CallToolAsync includes a safety net for misbehaving servers: if the task stays in xref:ModelContextProtocol.Protocol.McpTaskStatus.InputRequired across many consecutive polls without exposing any new input request keys (i.e. every previously requested input has already been resolved by the client and yet the server keeps returning InputRequired), the client gives up, issues a best-effort tasks/cancel, and throws xref:ModelContextProtocol.McpException. This guards against a server that never transitions out of InputRequired and prevents an unbounded poll loop.

The threshold defaults to 60 consecutive stuck polls and is configurable via xref:ModelContextProtocol.Client.McpClientOptions.MaxConsecutiveStuckPolls. The effective wall-clock timeout is roughly MaxConsecutiveStuckPolls * pollIntervalMs, so tune the option with the server-side poll cadence in mind. Setting it too low risks false positives for servers that are slow to surface follow-up input requests; setting it too high can mask misbehaving servers.

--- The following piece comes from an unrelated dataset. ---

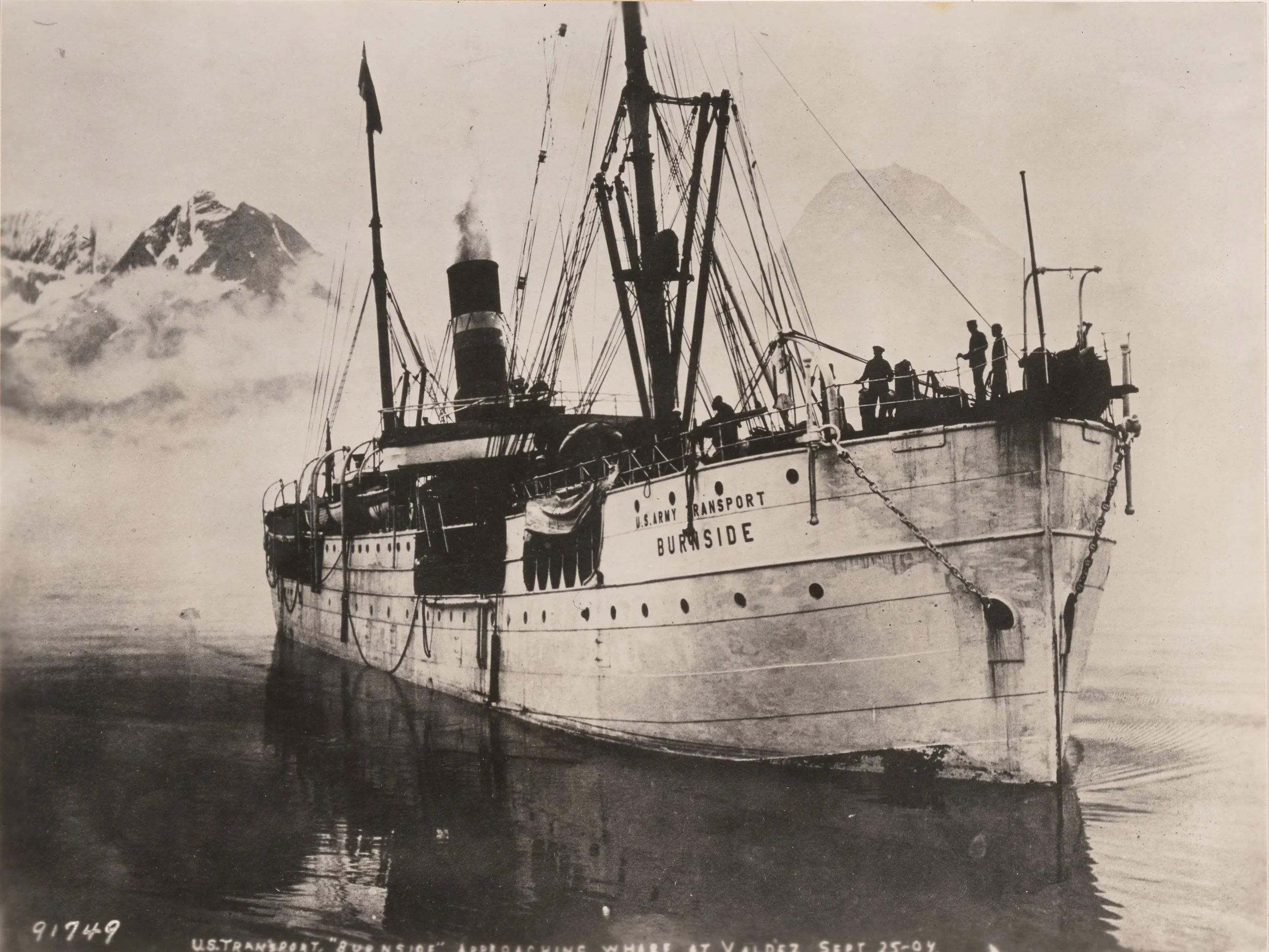 (262’ Length, 40’ Beam, 1,877 Tons) The USAT Burnside played an unexpected role in the wreck of the Star of Bengal story. On September 21, the Hattie Gage spotted the Burnside laying cable near the mouth of the Stikine River. The Hattie Gage detoured from returning to Wrangell to announce the wreck of the Star of Bengal in order to ask the Burnside for help. The quartermaster captain said the Burnside would need to send a telegram to Washington asking for permission. Even though the Burnside would have been too late to save anyone, this delay was roundly criticized in the aftermath of the wreck. This photograph was taken in Valdez, Alaska. (photo credit: Wikipedia Commons)

Input requests (multi-round-trip)

When a task needs additional input from the client, the server transitions it to xref:ModelContextProtocol.Protocol.McpTaskStatus.InputRequired and returns the outstanding requests in xref:ModelContextProtocol.Protocol.InputRequiredTaskResult.InputRequests. Each entry is an arbitrary key paired with a { method, params } envelope representing an equivalent standalone server-to-client request. The client provides answers via xref:ModelContextProtocol.Client.McpClient.UpdateTaskAsync*, keyed by the same identifiers.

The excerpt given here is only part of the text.